Conforme Marise vai se sobressaindo, a mídia falando dela, pintas convites para tocar (foto: Divulgação)
Eu fui para Frankfurt, na Alemanha, fiz um som na Musikmesse, e foi muito legal, tudo foi acontecendo naturalmente, toquei na Expo Music algumas vezes, toquei no Music Hall, na Feira (de Artes da Pompeia) duas ou três vezes, muita gente passou a me conhecer , e esses festivais da “Guitar Player”, essas matérias nessas revistas especializadas, tudo foi somando. Agora existe assim um respeito, uma coisa que é legal, mas isso para mim não que eu tivesse buscado, que eu tivesse corrido atrás, isso aconteceu naturalmente mesmo. Mas sempre tentei fazer o trabalho da melhor forma possível, para que isso um dia, de repente, acontecesse, mesmo que eu não tivesse correndo atrás, e foi assim que rolou mesmo.

Bloga: Como você vê a cena rock atual, porque tiveram aí os anos 70, 80, quando surgiu muita gente boa, e, não sei, atualmente parece que o rock é uma coisa mais restrita, até onde eu imagino. Está se fazendo um bom rock atualmente, está tendo criatividade, ou a coisa meio que ficou na mera cópia do que já foi feito, como você enxerga isso?

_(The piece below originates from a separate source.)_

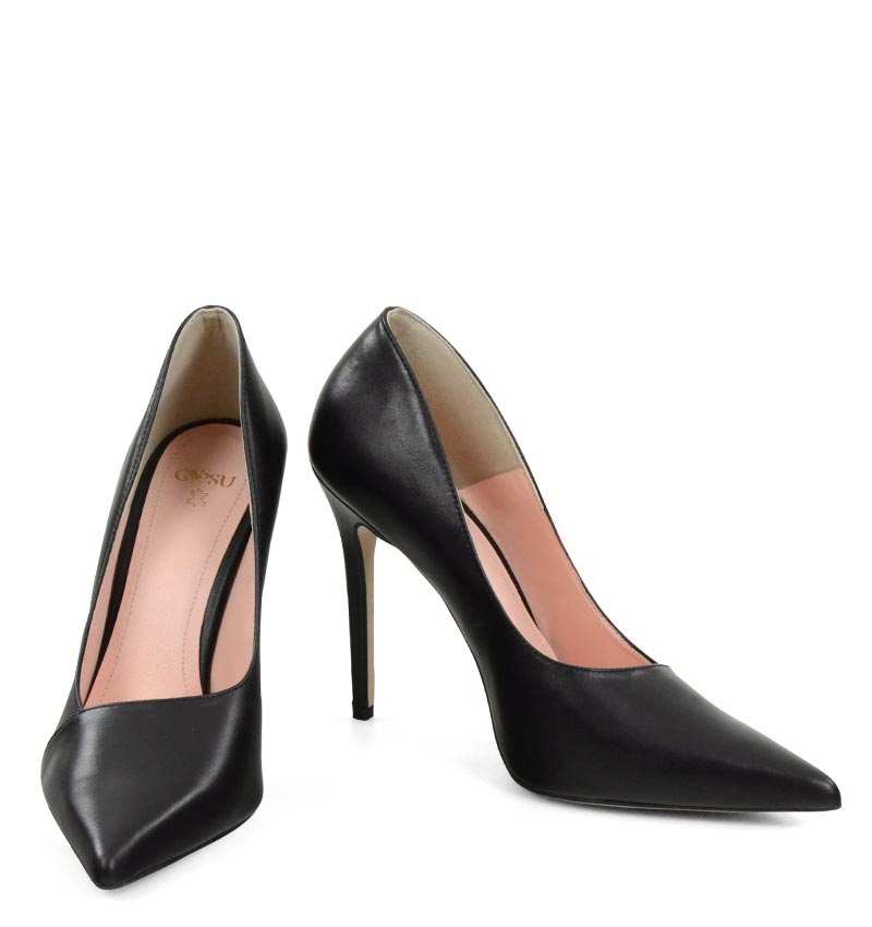 HAILEY – Wysokie czarne szpilki z licowej skóry

Marise: Cara, eu acho assim: o que rolou na década de 70 e 80 é algo assim não tem como voltar... Foram os melhores trabalhos, em minha opinião. De 90 para cá, acho que muita coisa mudou. Acho que existem bons trabalhos, até hoje, bem na cena indie, mesmo, aquela coisa mais independente que eu ainda, aquela coisa bem escondida, existem boas bandas, sim, mas não existe expressão, não existe exposição, por mais que a internet facilite esse processo de exposição, divulgação, nada se compara a um veículo forte.

Eu acho que tem muita coisa ruim na área também, e eu acho que o Brasil insiste em colocar essas coisas ruins goela abaixo das pessoas, e são essas coisas ruins que aparecem... Eu não vou ficar citando nomes, enfim. Eu sei que tem muita coisa boa também acontecendo, tem muita banda legal, mas aquele som, aquele rock que a gente gosta, esse trabalho com uma identidade legal, porque trabalho tem também que ter uma identidade, porque muita coisa que eu percebo é assim: os trabalhos que eu tenho curtido ultimamente, que eu acho legal, os que têm identidade, são super mal vistos, não aparecem de jeito nenhum.

Agora tem muita gente que toca, que forma uma banda, você ouve e fala: puta, isso aqui é cópia do Guns N’ Roses, isso aqui é cópia do não sei o quê, isso aqui é cópia não sei de quem. Eu acho que falta também essa identidade mesmo, sabe, essa coisa de o cara achar lá dentro dele, da personalidade dele, colocar uma vibe diferente no som; eu acho que poderia estar melhor, não tem tantas coisas boas acontecendo, tem bandas boas, sim, como eu mencionei, mas não são muitas que você possa dizer que ‘ouvi e adorei’, talvez eu não tenha tido oportunidade de ouvir tantas coisas, mas nada me chama tanto a atenção, não tem me chamado muito a atenção ultimamente, para dizer a verdade.

Cartaz de lançamento de 'Funny Love'
Bloga: E planos para o futuro são divulgar esse disco, fazer as apresentações... E mais pra frente, você tem ideia de fazer, sei lá, um DVD, um quarto álbum, ou você está pensando só no agora?

Marise: Ah, estou pensando só no agora, para dizer a verdade. Eu vou gravar um clipe, não sei se já falei isso pra você, a ideia é lançar esse clipe, será o videoclipe oficial da música “Funny Love”, estaremos lançando no comecinho de junho, e sair em turnê, a Tratore [http://www.tratore.com.br/ ] está distribuindo o disco físico, então o lance é divulgar. Eu já tinha pensado em gravar um disco instrumental, talvez eu até faça isso, mas nem quero pensar, eu tenho algumas composições, algumas músicas instrumentais, mas nem posso pensar nisso agora, acho que tenho que focar nesse disco que está nascendo, que acabou de pintar, e, sei lá, ver o que vai acontecer.

Bloga: E você já tem alguma data fechada para a gente divulgar?

Marise: Tenho, dia 17 de maio, na Feira de Artes da Pompeia, aliás, eu nem coloquei no site porque eles estão ainda decidindo horário,é um festival, então tem várias bandas... 17 de maio, é um domingo. (Nota do Editor: a entrevista foi feita em 29 de abril, quando o evento ainda estava sendo fechado.)